What is the de Broglie wavelength of an electron with kinetic energy $7.0 \mathrm{TeV} ?$

First, we need to convert the kinetic energy from tera-electron volts (TeV) to electron volts (eV). Since 1 TeV is equal to \(10^{12}\) eV, we can multiply the given energy value by \(10^{12}\) to get the energy value in eV: Energy (in eV) = \(7.0\,\text{TeV} \times 10^{12}\,\frac{\text{eV}}{\text{TeV}} = 7.0 \times 10^{12}\,\text{eV}\)

Now that we have the kinetic energy in eV, we can use the equation for the relativistic energy of a particle to find its momentum.
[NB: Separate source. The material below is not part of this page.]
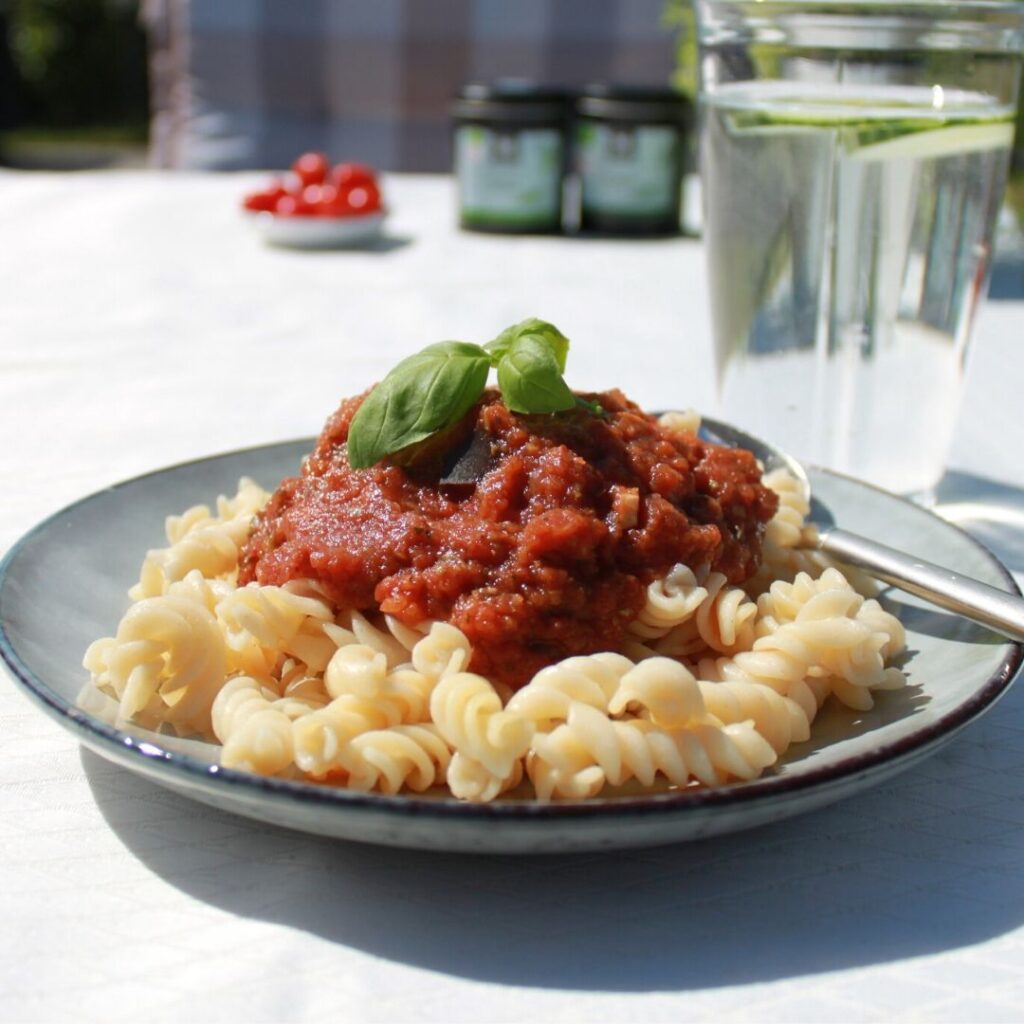 Pasta bolognese, bedre kendt som pasta kødsovs, er nok en klassiker i det fleste børnefamilier, og denne udgave smager skønt og meget lig den oprindelige med kød i. Der er selvfølgelig forskel i teksturen, da kød er sejere at tygge i, men som mine børn siger, kan de slet ikke smage om der er kød i eller ej.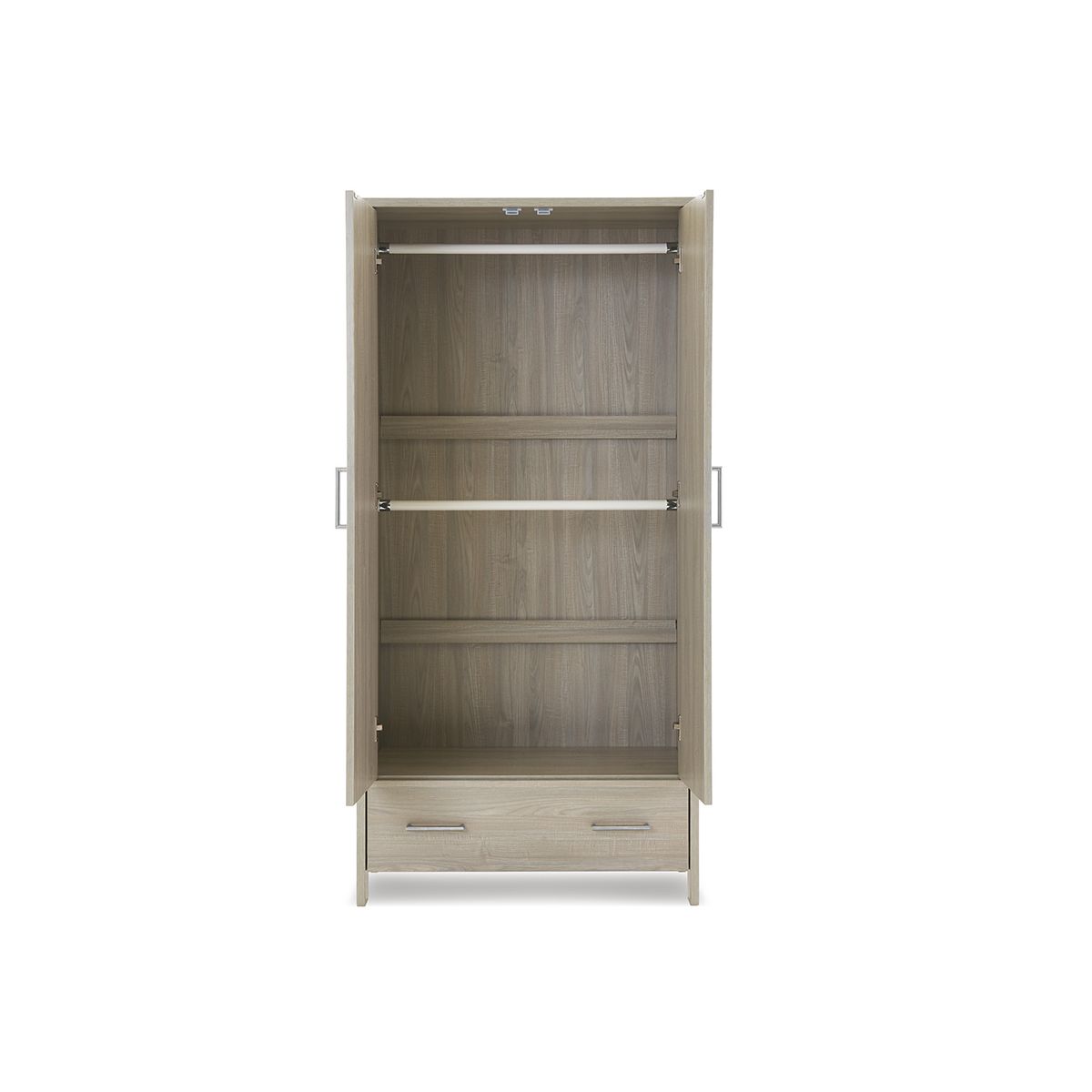With a modern design and a beautiful textured oak effect finish, the Nika Double Wardrobe from Obaby will complement your nursery perfectly and last through the years.

The equation is: E = \(\sqrt{(p c)^2 + (m_e c^2)^2}\) Where E is the energy of the electron, p is its momentum, c is the speed of light, and \(m_e\) is the electron's rest mass. Rearranging the equation to find the momentum p, we get: p = \(\frac{1}{c} \sqrt{E^2 - (m_e c^2)^2}\) Plug in the known values for E, \(m_e\) and c: - E = \(7.0 \times 10^{12}\,\text{eV}\) - \(m_e = 0.511\,\text{MeV}\) (Note that we need to convert this value to eV by multiplying by \(10^6\)) - c = \(3.0 \times 10^8\, \text{m/s}\) We first need to convert the energy values to Joules. The conversion factor from eV to Joules is \(1.602 \times 10^{-19}\, \text{J/eV}\): - E (in J) = \((7.0 \times 10^{12}\,\text{eV}) \times (1.602 \times 10^{-19}\, \text{J/eV})\) - \(m_e\) (in J) = \((0.511\times10^6\,\text{eV}) \times (1.602\times10^{-19}\, \text{J/eV})\) Now, calculate the momentum p: p = \(\frac{1}{c} \sqrt{E^2 - (m_e c^2)^2}\)

Finally, we can find the electron's de Broglie wavelength using the formula: \(\lambda = \frac{h}{p}\) Where \(\lambda\) is the de Broglie wavelength, h is the Planck's constant (\(6.626 \times 10^{-34}\, \text{Js}\)), and p is the momentum we calculated in the previous step. Plug in the values for h and p, then solve for \(\lambda\): \(\lambda = \frac{h}{p}\) This will give us the de Broglie wavelength of the electron with a kinetic energy of \(7.0\,\text{TeV}\).